| TASK ITEM |
Below is a listing; print exactly its lines from the one containing "如巴塞羅那機場的指廊就是采用" down to the one containing "4月3日,《广西日报》第006版以《全链条赋能 精准化适配 ——", both inclusive, with every picture left out.

| EXERCISE DATA |
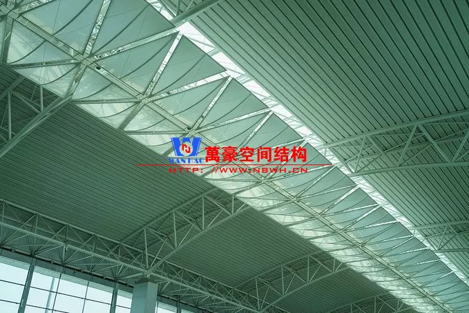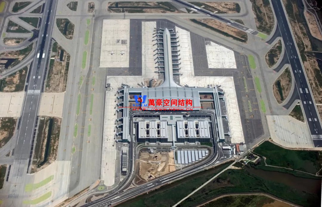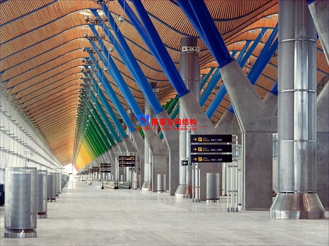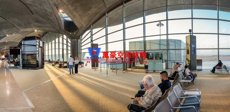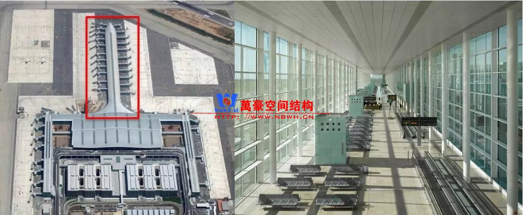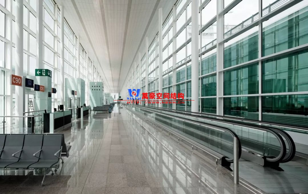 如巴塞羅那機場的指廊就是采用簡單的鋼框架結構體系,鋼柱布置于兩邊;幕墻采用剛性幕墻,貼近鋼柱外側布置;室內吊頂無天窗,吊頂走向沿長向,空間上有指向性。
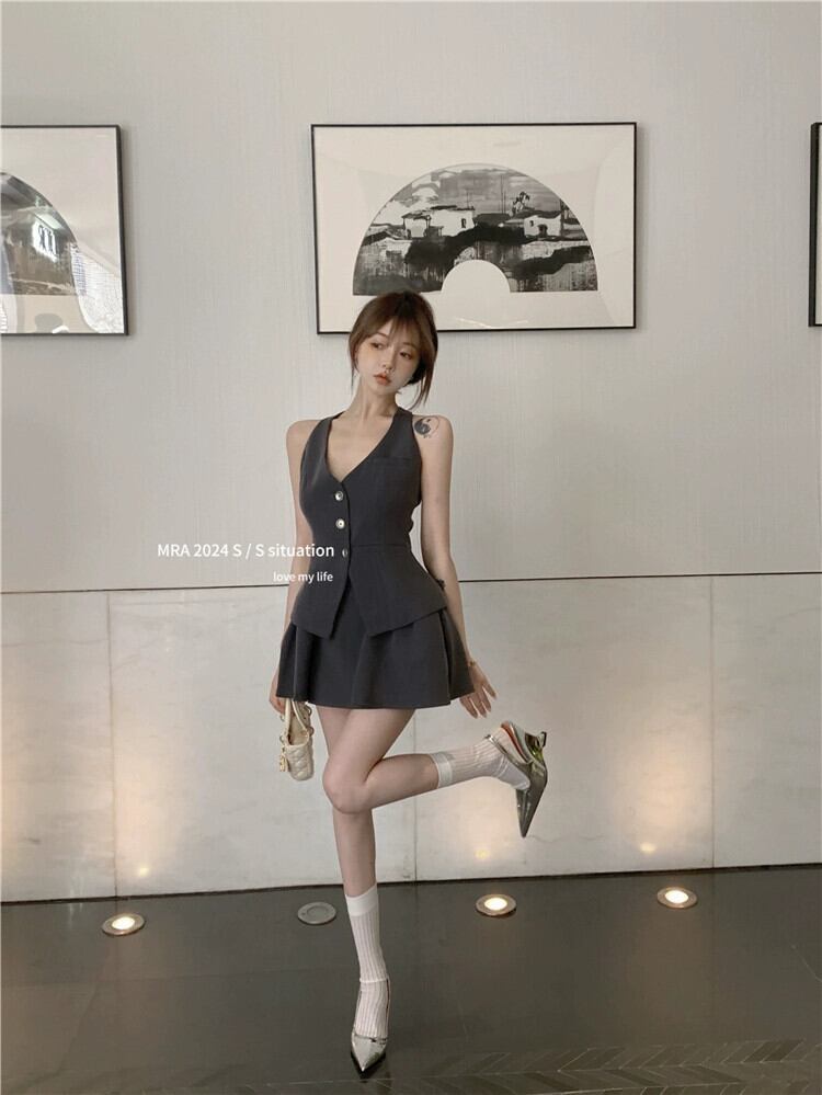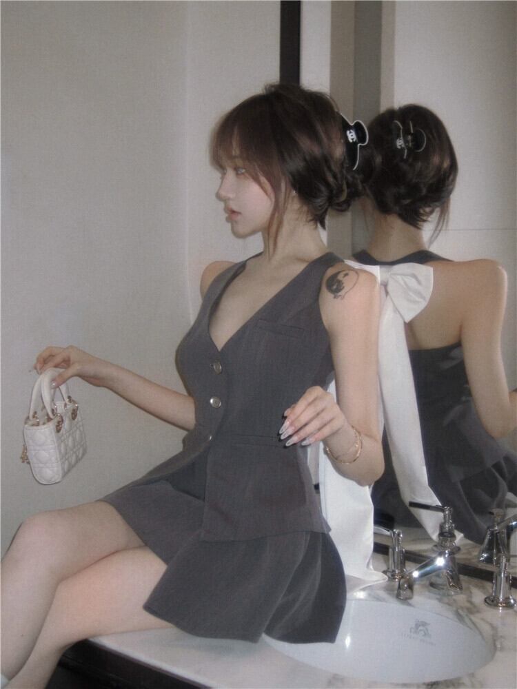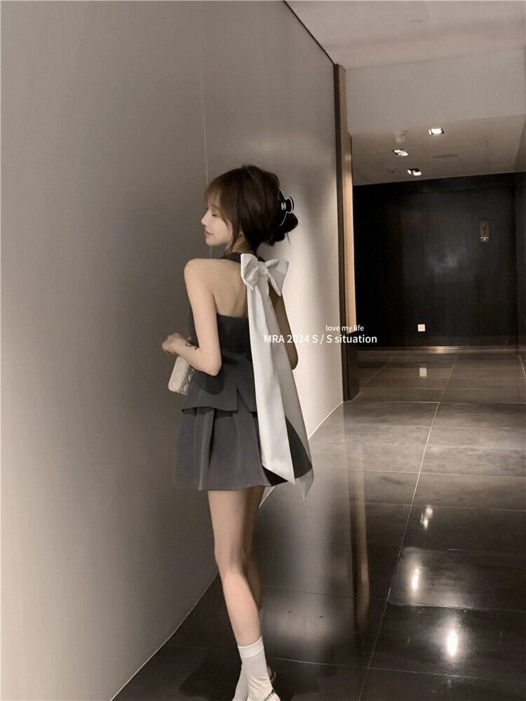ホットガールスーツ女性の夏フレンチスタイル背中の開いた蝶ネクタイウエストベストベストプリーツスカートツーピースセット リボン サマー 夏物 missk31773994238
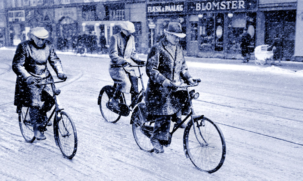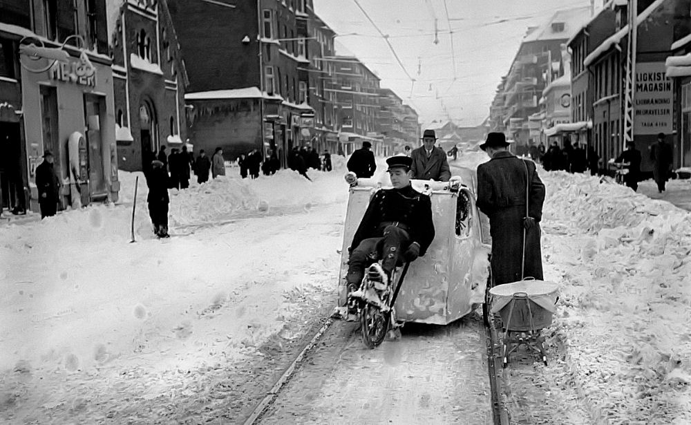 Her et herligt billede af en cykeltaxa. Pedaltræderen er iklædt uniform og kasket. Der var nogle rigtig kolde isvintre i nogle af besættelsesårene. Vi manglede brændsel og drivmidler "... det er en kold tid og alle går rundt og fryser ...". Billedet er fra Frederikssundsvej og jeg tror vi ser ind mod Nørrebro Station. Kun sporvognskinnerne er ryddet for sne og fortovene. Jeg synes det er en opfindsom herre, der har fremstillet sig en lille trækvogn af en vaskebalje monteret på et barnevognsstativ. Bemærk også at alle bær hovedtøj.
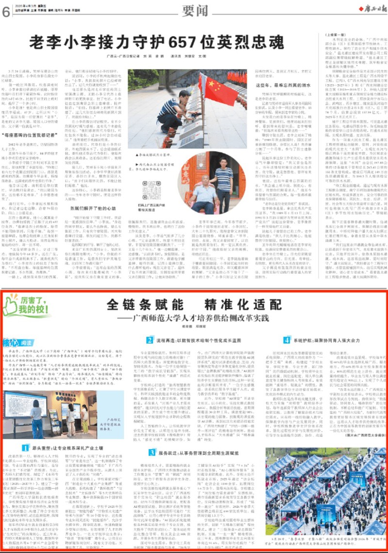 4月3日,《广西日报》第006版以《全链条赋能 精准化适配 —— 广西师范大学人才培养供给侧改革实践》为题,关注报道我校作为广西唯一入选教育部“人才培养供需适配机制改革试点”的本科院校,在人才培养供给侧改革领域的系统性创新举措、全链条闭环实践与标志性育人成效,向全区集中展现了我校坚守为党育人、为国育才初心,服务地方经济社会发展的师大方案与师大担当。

...

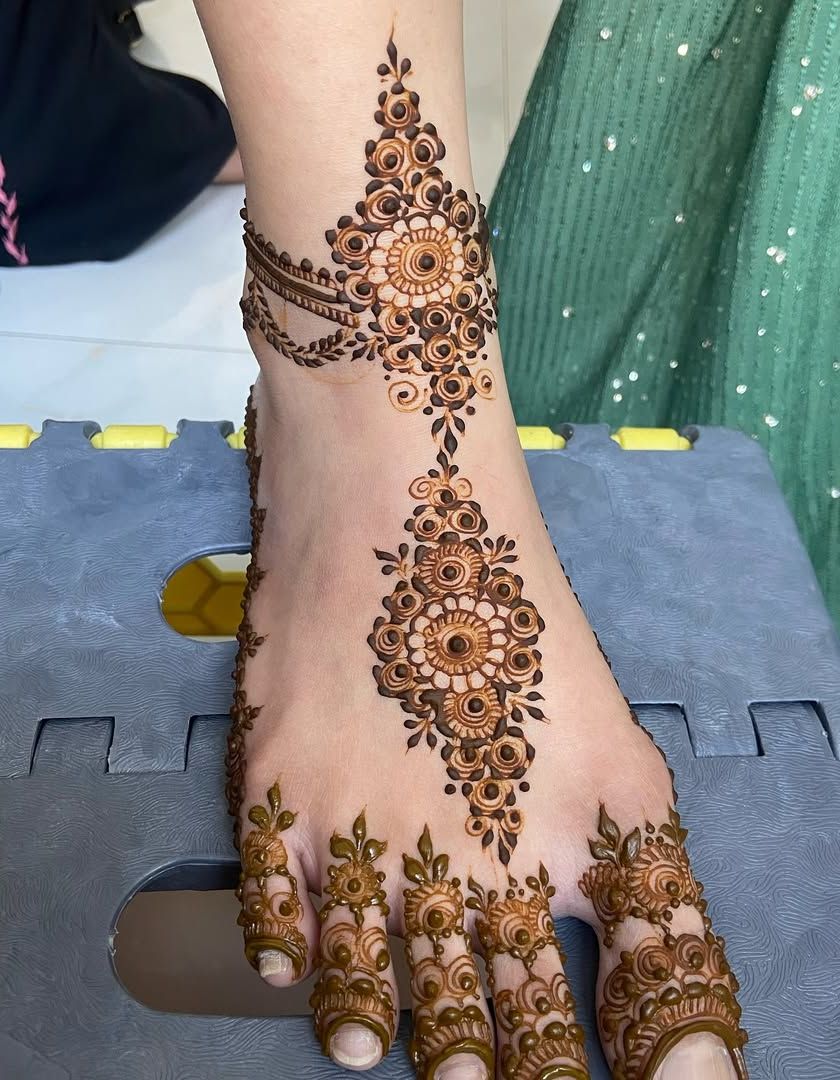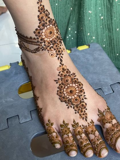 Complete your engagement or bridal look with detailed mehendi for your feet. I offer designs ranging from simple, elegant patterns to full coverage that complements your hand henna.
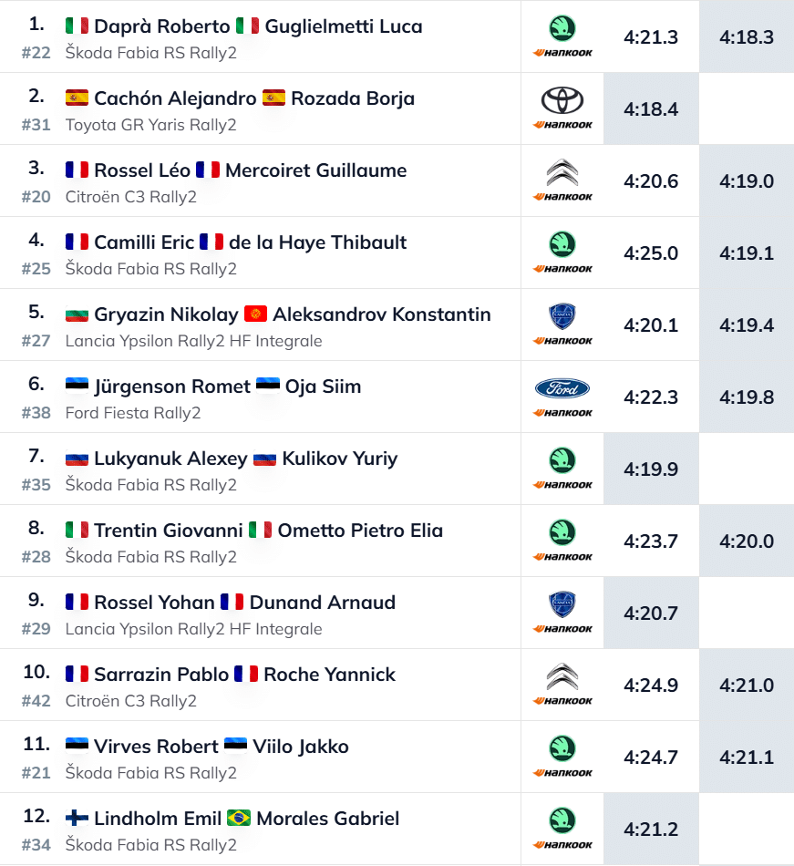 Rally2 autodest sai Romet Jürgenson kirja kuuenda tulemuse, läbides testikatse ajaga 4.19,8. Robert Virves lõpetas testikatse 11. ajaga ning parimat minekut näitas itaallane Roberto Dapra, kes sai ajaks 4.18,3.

| ANSWER SPACE |
 如巴塞羅那機場的指廊就是采用簡單的鋼框架結構體系,鋼柱布置于兩邊;幕墻采用剛性幕墻,貼近鋼柱外側布置;室內吊頂無天窗,吊頂走向沿長向,空間上有指向性。
ホットガールスーツ女性の夏フレンチスタイル背中の開いた蝶ネクタイウエストベストベストプリーツスカートツーピースセット リボン サマー 夏物 missk31773994238
 Her et herligt billede af en cykeltaxa. Pedaltræderen er iklædt uniform og kasket. Der var nogle rigtig kolde isvintre i nogle af besættelsesårene. Vi manglede brændsel og drivmidler "... det er en kold tid og alle går rundt og fryser ...". Billedet er fra Frederikssundsvej og jeg tror vi ser ind mod Nørrebro Station. Kun sporvognskinnerne er ryddet for sne og fortovene. Jeg synes det er en opfindsom herre, der har fremstillet sig en lille trækvogn af en vaskebalje monteret på et barnevognsstativ. Bemærk også at alle bær hovedtøj.
 4月3日,《广西日报》第006版以《全链条赋能 精准化适配 —— 广西师范大学人才培养供给侧改革实践》为题,关注报道我校作为广西唯一入选教育部“人才培养供需适配机制改革试点”的本科院校,在人才培养供给侧改革领域的系统性创新举措、全链条闭环实践与标志性育人成效,向全区集中展现了我校坚守为党育人、为国育才初心,服务地方经济社会发展的师大方案与师大担当。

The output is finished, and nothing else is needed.